The web-server PHPred was developed to identify the phage proteins located in host cell based on the sequence information. The analysis of variance was used to seek optimized g-gap dipeptide. In jackknife cross-validation, our method can discriminate between the bacteriophage proteins located in host cell (PH proteins) and the bacteriophage proteins not located in host cell (non-PH proteins) with maximum overall accuracy of 84.2% and can further classify the bacteriophage proteins located in host cell cytoplasm (PHC proteins) and the bacteriophage proteins located in host cell membrane (PHM proteins) with maximum overall accuracy of 92.4%. 84.7% PH proteins and 83.6% non-PH proteins were correctly predicted in jackknife cross-validation. The best model can also correct identify 89.7% PHM proteins and 94.7% PHC proteins. All data can be downloaded from the Data window of this web-server.

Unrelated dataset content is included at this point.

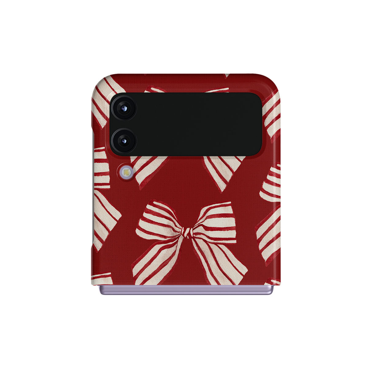 El diseño presenta: moños, rayas, rojo, blanco, motivos navideños.
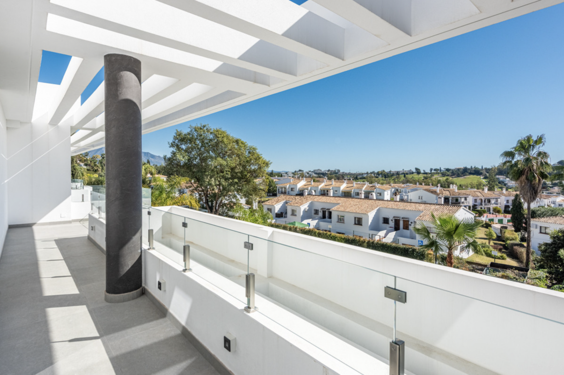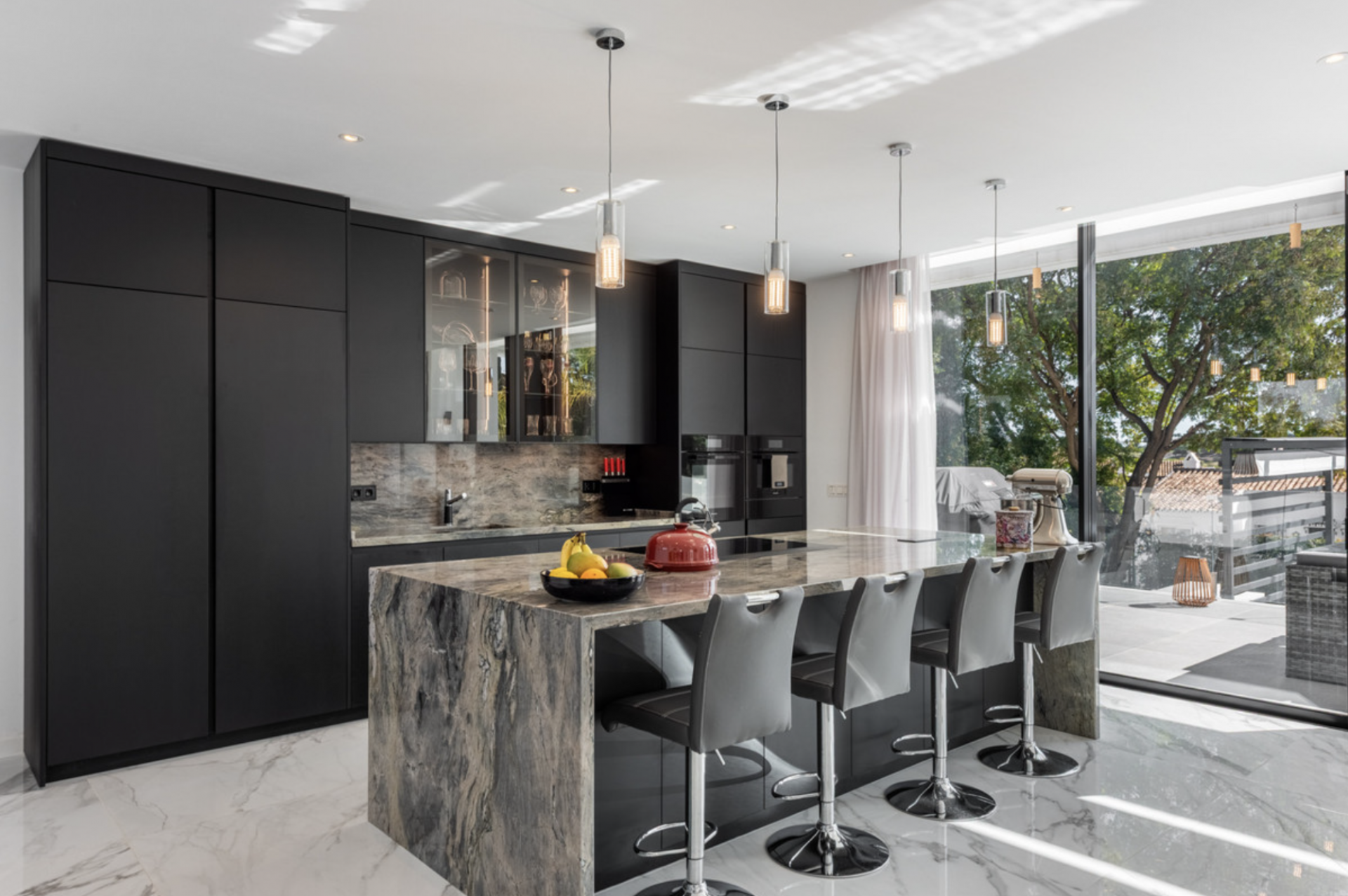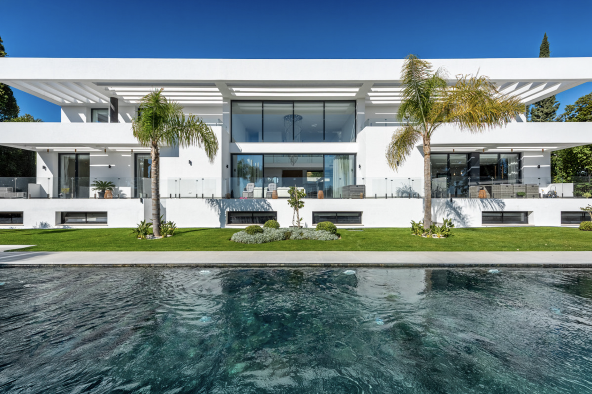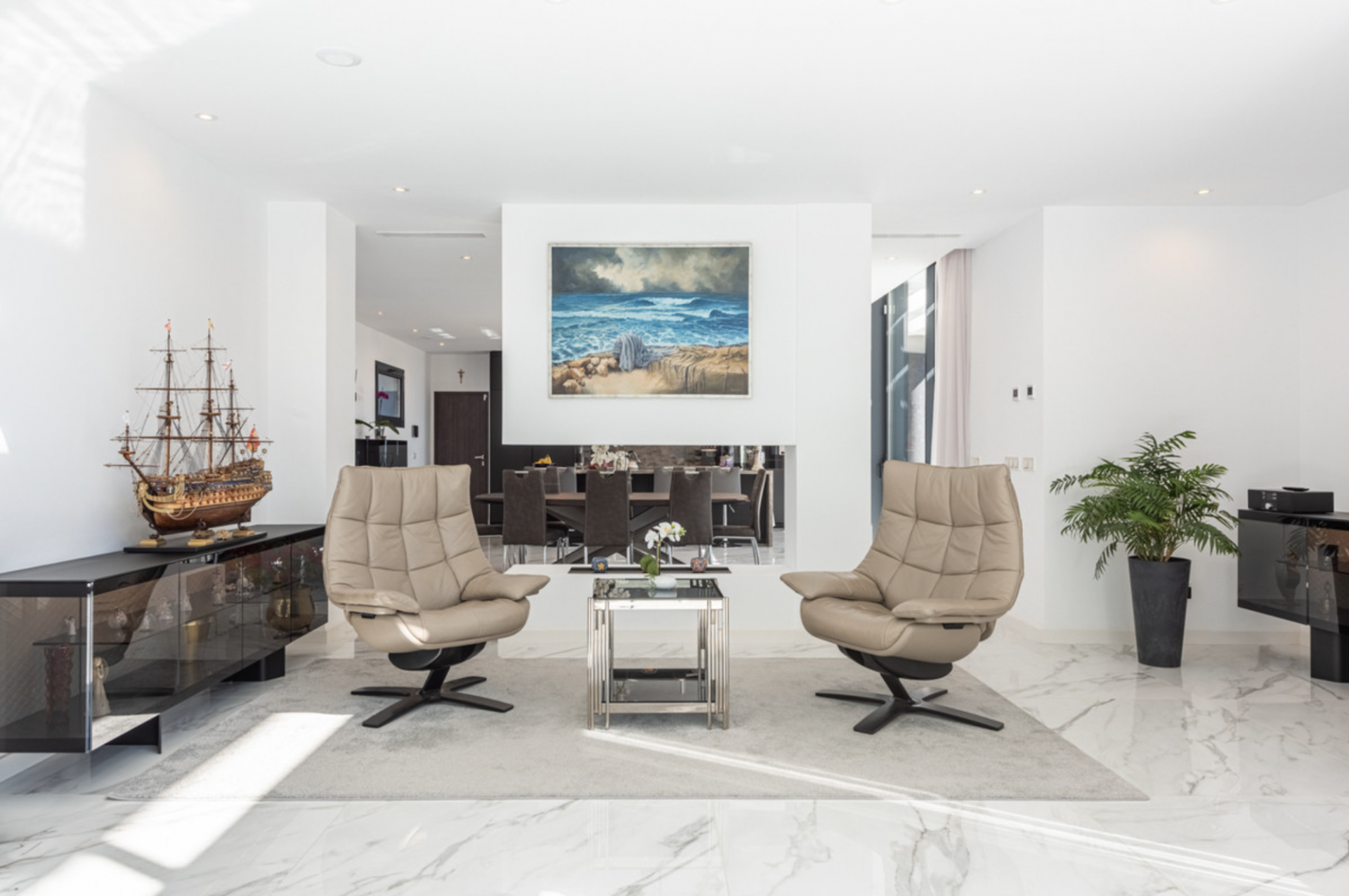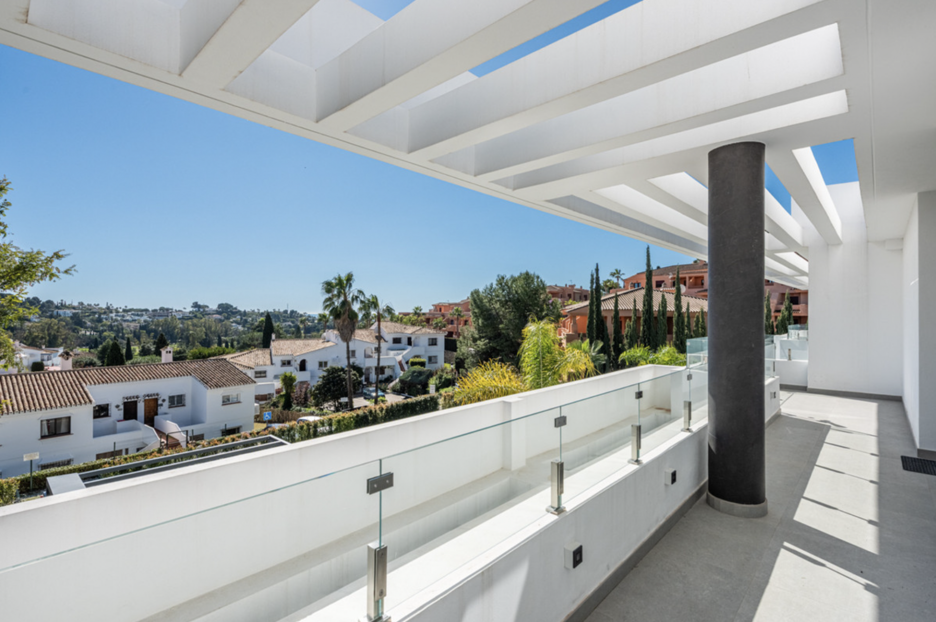 his family villa with great volume and a very practical layout is situated in Paraiso Alto, Benahavis at approximately 13 kms from Estepona and Marbella and at approximately 3,7 kms from the beach. El Paraíso Alto is a well established quiet area surrounded by golf courses. It is just a short drive from the vibrant nightlife and social life of Puerto Banús, private schools and supermarkets. The house is arranged over three levels, and you can move between them by stairs or lift, which makes day-to-day life very easy. The main level comprises an entrance hall and the heart of the home: generous living and dining spaces that connect naturally to the kitchen. The kitchen is supported by a pantry and additional storage, so it works well both for family life and for entertaining. Also on this level there are two en-suite bedrooms, each with its own dressing room and bathroom. It’s ideal for guests, teenagers, or anyone who prefers to avoid stairs. There’s also a guest toilet. Upstairs, the home turns into a private sleeping level. You have two large principal bedroom suites, both with dressing rooms and en-suite bathrooms, plus two studies and an additional room that can work as a sitting room, playroom, or extra office space. This floor also opens onto covered pergola terraces, giving you outdoor space with shade and privacy.

(1) For each submission, the number of protein sequences is limited at 100 or less;
(2) The input sequences must be in FASTA format; i.e., each protein sequence should start with a greater-than symbol (" > ") in the first column. The words right after the " > " symbol in the single initial line are optional and only used for the purpose of identification and description.
(3) If a query sequence contains any illegal character, the prediction will be stopped.